Hemoglobin electrophoresis is also a very helpful adjunct in differentiating the different causes of congenital cyanosis. It will identify hemoglobin M, a hemoglobin variant that causes cyanosis as a result of structural changes in the α or β chains that stabilize the hemoglobin in the ferric state. These structural changes are attributable to amino acid substitutions at positions close to the heme groups in the hemoglobin molecule. Cyanosis is noticed at birth or within 4 to 6 months thereafter.

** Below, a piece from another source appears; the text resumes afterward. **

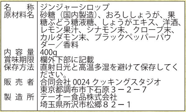 『COCOCORO特製ジンジャーシロップ』400g 2,780円

Once the diagnosis of methemoglobinemia has been made, there are various assays available to quantify NADH-cytochrome b5 reductase activity.²⁰ Adult levels of enzyme function are attained by 2 to 3 months of age, and in the neonate, methemoglobin reductase levels are normally 60% of the normal adult value.² When congenital methemoglobinemia is suspected, enzyme activity in all immediate family members should be evaluated. As a result of autosomal recessive transmission, by definition our patient must have both alleles, and, accordingly, each parent contributes 1 allele. In heterozygous deficiency, methemoglobin reductase activity is low, as seen in both parents of our patient. Heterozygotes (both parents and the 2 siblings) will have a lower threshold for acquired methemoglobinemia in response to exogenous oxidative stress. However, their level of enzyme activity is not low enough to produce clinical disease under normal circumstances. All other members of our patient’s family had methemoglobin levels below 2%.

In the treatment of hereditary enzymopenic methemoglobinemia, many variables have to be taken into consideration. Often, patients will remain completely asymptomatic. However, methemoglobinemia causes a leftward shift of the oxygen-hemoglobin dissociation curve. Furthermore, in the neonatal period, there is a persistence of fetal hemoglobin and a more pronounced difficulty of oxygen dissociation at the cellular level. These factors, combined with the deleterious effects of reduced arterial oxygen content in the neonatal period, make it reasonable to attempt to keep the methemoglobin level under 10% during this period.²

Methylene blue is the treatment of choice for severe methemoglobinemia.^2,21 In the presence of nicotinamide adenine dinucleotide phosphate (NADPH), methylene blue is converted to leucomethylene blue, which results in nonenzymatic reduction of methemoglobin.^2,22 Ascorbic acid directly reduces methemoglobin, but the rate of the reaction is too slow for it to be effective when used alone.¹⁰ Finally, if the combination of ascorbic acid and methylene blue fails to reduce the methemoglobin level, then hyperbaric oxygen and exchange transfusions are alternative therapy.²¹

Our patient demonstrated all of the classical features of congenital methemoglobinemia on presentation. He was treated in the emergency department as a child in septic shock as a result of the usual presentation of a rare disease. His initial level of the cytochrome b5 reductase enzyme level was skewed as a result of the PRBC transfusion. A repeat level 3 months after the transfusion revealed his actual enzyme level of 4.2. It is impossible at this point to determine whether he will be classified as having type 1 or 2. This has significant prognostic implications, and full genetic analysis of the family is in progress. In summary, congenital methemoglobinemia is a very rare but treatable cause of neonatal cyanosis that should be considered in the differential diagnosis of cyanosis and septic shock in the neonatal period.